*** Begin section ***

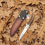 EL ALMA DE LA PIEZA Pequeño cuchillo de campo forjado íntegramente a mano a partir de acero de ballesta (muelle de vehículo). Ha sido tratado térmicamente con temple en aceite y revenido para garantizar un equilibrio óptimo entre dureza y tenacidad.
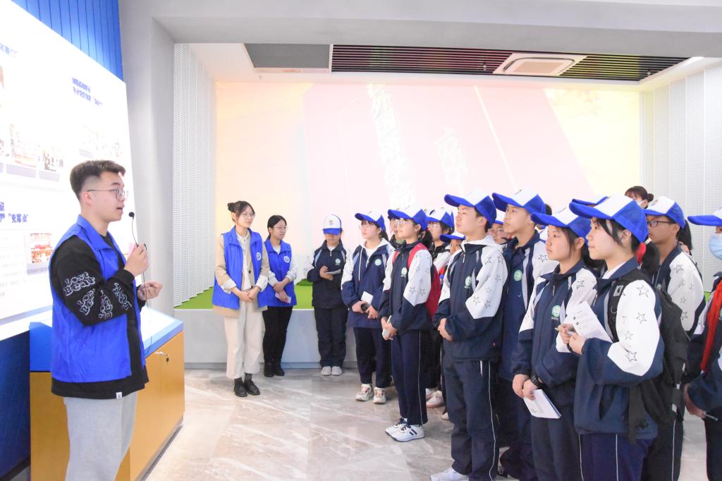 从静思湖到校训石再到校史馆,到访中小学生在学院志愿者带领和讲解下感受浙外的校园文化魅力和历史底蕴。当参观到校史馆“党建思政”模块的展区前时,学院学生党员许哲为大家开讲了一堂党课,他带领大家回顾了百年党史中的重要历史大事件,并通过讲述青年时期习近平在农村插队时求知若渴、与书为伴、一步步积累成长的故事号召大家学习青年习近平矢志不渝的理想信念、爱国为民的家国情怀、勤奋好学的进取精神和吃苦耐劳的优秀品格。当问及大家的梦想是什么,一位女孩坚定的说出此时此刻自己想要考上理想的大学,并会像青年习近平那般努力学习。
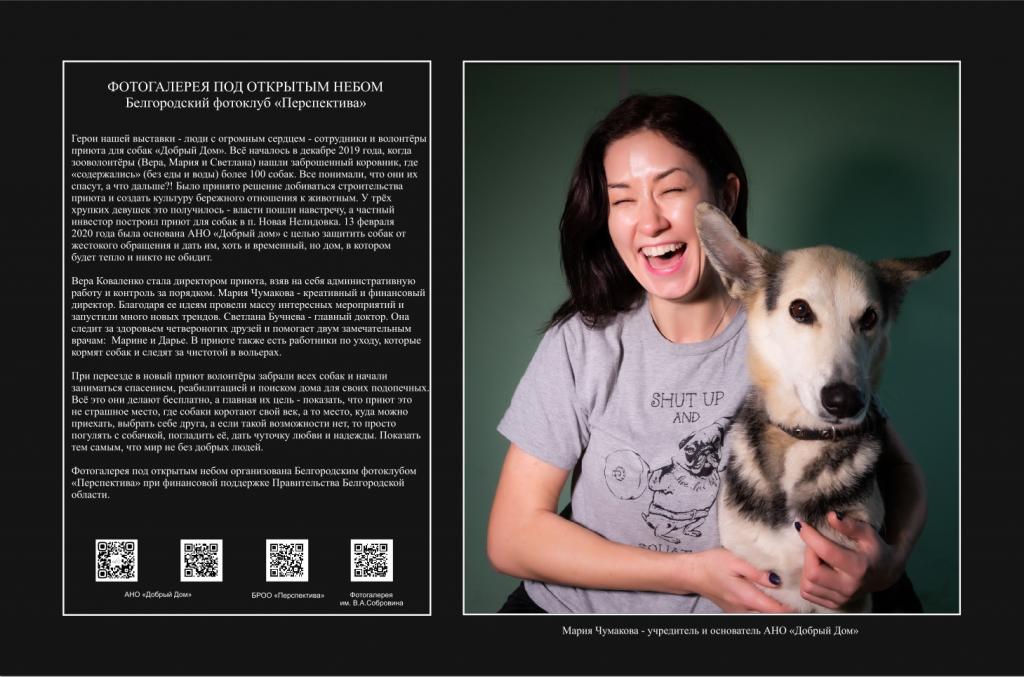 В 2021 году проек стал победителем регионального конкурса на предоставление субсидий из бюджета Белгородской области. Его цель - посредством фотографии привлечь внимание к работе НКО, рассказать о жизни белгородцев и реализуемых социально значимых проектах. Будет организовано три выставки: "Добрый дом" (приют для собак), "Синяя птица" (занимается помощью детям с аутизмом и их семьям) и БРОО «Святое Белогорье против детского рака» (оказывает помощь детям с онкологическими и гематологическими заболеваниями).
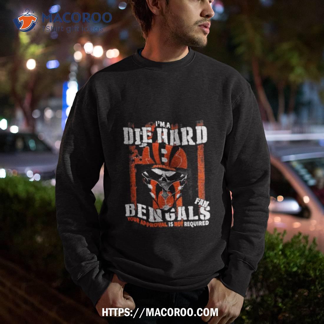 This t-shirt is perfect for any die hard Cincinnati Bengals fan! It features the USA flag and a bold statement that your approval is not required. Great quality and design.
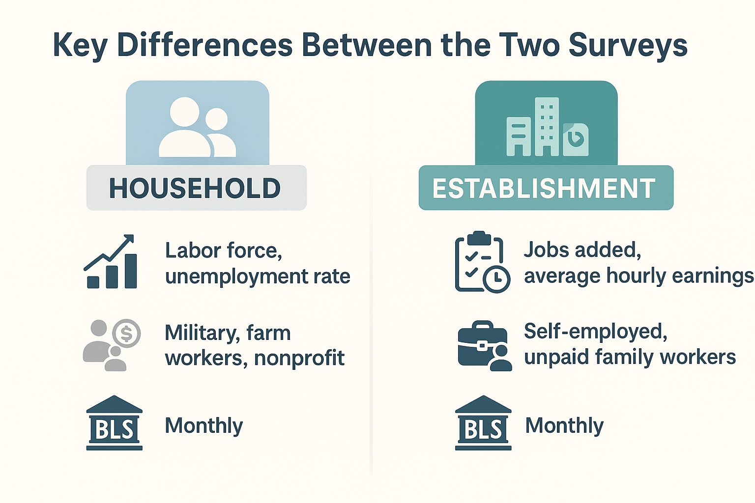 The Employment Situation Summary, published each first Friday, consists of two critical surveys by the BLS: the household survey and the establishment survey.
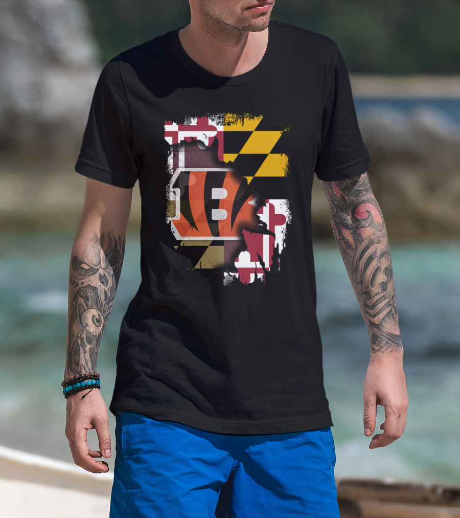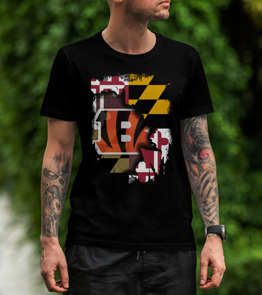 The Maryland Flag Bengals Collaboration T-shirt is designed for everyday wear and a consistent fit. Fabric is pre-shrunk ring-spun cotton with durable stitching. See the size chart below for exact measurements.
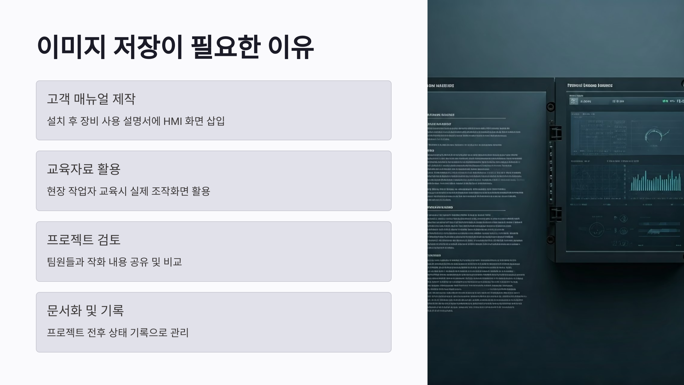 - 📄 고객 매뉴얼 제작: 설치 후 장비 사용 설명서에 HMI 화면을 그대로 삽입
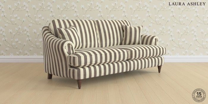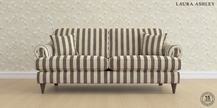 7.0.3 Buy Ambersham by Laura Ashley 3 Seater Sofa Orla Stripe Dark Truffle Natural Low Turned - Chestnut from the Next UK online shop Click here to use our accessible website
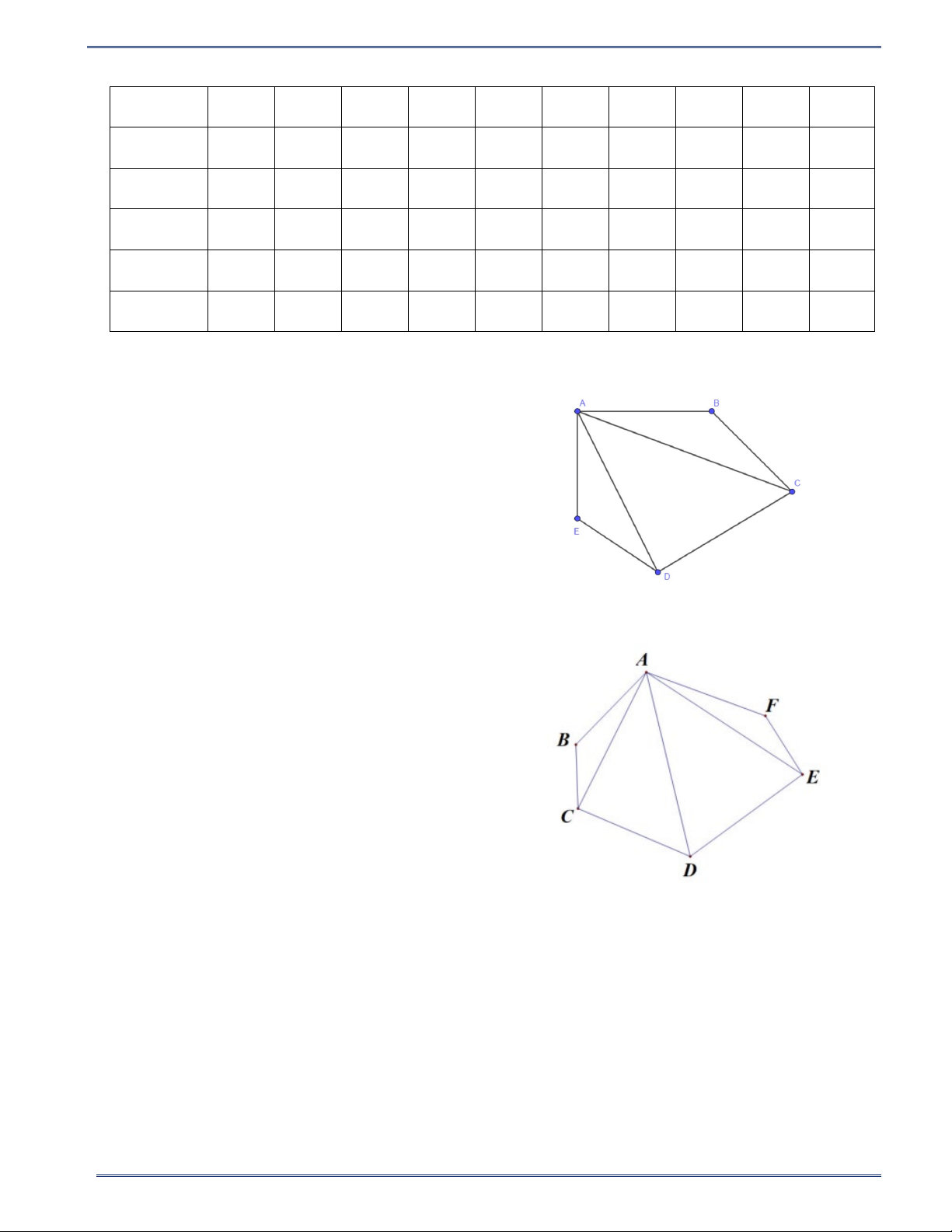 Câu 1: Cho ngũ giác ABCDE . Kẻ các đường chéo AC và AD . A B
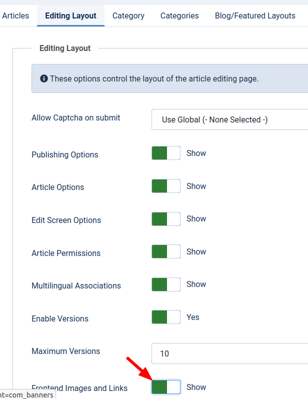 - You will see the "Articles: Options" screen, as you can see in the next image. Click the "Editing Layout" tab and then click "Show" for the "Frontend Images and Links" setting:
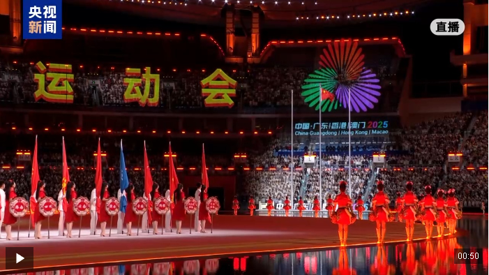 十五運會開幕式現(xiàn)場全體起立,升中華人民共和國國旗,奏唱中華人民共和國國歌。

*** End section ***

_About this exercise_
Your copy should match the records above exactly, apart from the pictures, which stay out.

_Response for this exercise_
 EL ALMA DE LA PIEZA Pequeño cuchillo de campo forjado íntegramente a mano a partir de acero de ballesta (muelle de vehículo). Ha sido tratado térmicamente con temple en aceite y revenido para garantizar un equilibrio óptimo entre dureza y tenacidad.
 从静思湖到校训石再到校史馆,到访中小学生在学院志愿者带领和讲解下感受浙外的校园文化魅力和历史底蕴。当参观到校史馆“党建思政”模块的展区前时,学院学生党员许哲为大家开讲了一堂党课,他带领大家回顾了百年党史中的重要历史大事件,并通过讲述青年时期习近平在农村插队时求知若渴、与书为伴、一步步积累成长的故事号召大家学习青年习近平矢志不渝的理想信念、爱国为民的家国情怀、勤奋好学的进取精神和吃苦耐劳的优秀品格。当问及大家的梦想是什么,一位女孩坚定的说出此时此刻自己想要考上理想的大学,并会像青年习近平那般努力学习。
 В 2021 году проек стал победителем регионального конкурса на предоставление субсидий из бюджета Белгородской области. Его цель - посредством фотографии привлечь внимание к работе НКО, рассказать о жизни белгородцев и реализуемых социально значимых проектах. Будет организовано три выставки: "Добрый дом" (приют для собак), "Синяя птица" (занимается помощью детям с аутизмом и их семьям) и БРОО «Святое Белогорье против детского рака» (оказывает помощь детям с онкологическими и гематологическими заболеваниями).
 This t-shirt is perfect for any die hard Cincinnati Bengals fan! It features the USA flag and a bold statement that your approval is not required. Great quality and design.
 The Employment Situation Summary, published each first Friday, consists of two critical surveys by the BLS: the household survey and the establishment survey.
 The Maryland Flag Bengals Collaboration T-shirt is designed for everyday wear and a consistent fit. Fabric is pre-shrunk ring-spun cotton with durable stitching. See the size chart below for exact measurements.
 - 📄 고객 매뉴얼 제작: 설치 후 장비 사용 설명서에 HMI 화면을 그대로 삽입
 7.0.3 Buy Ambersham by Laura Ashley 3 Seater Sofa Orla Stripe Dark Truffle Natural Low Turned - Chestnut from the Next UK online shop Click here to use our accessible website
 Câu 1: Cho ngũ giác ABCDE . Kẻ các đường chéo AC và AD . A B
 - You will see the "Articles: Options" screen, as you can see in the next image. Click the "Editing Layout" tab and then click "Show" for the "Frontend Images and Links" setting:
 十五運會開幕式現(xiàn)場全體起立,升中華人民共和國國旗,奏唱中華人民共和國國歌。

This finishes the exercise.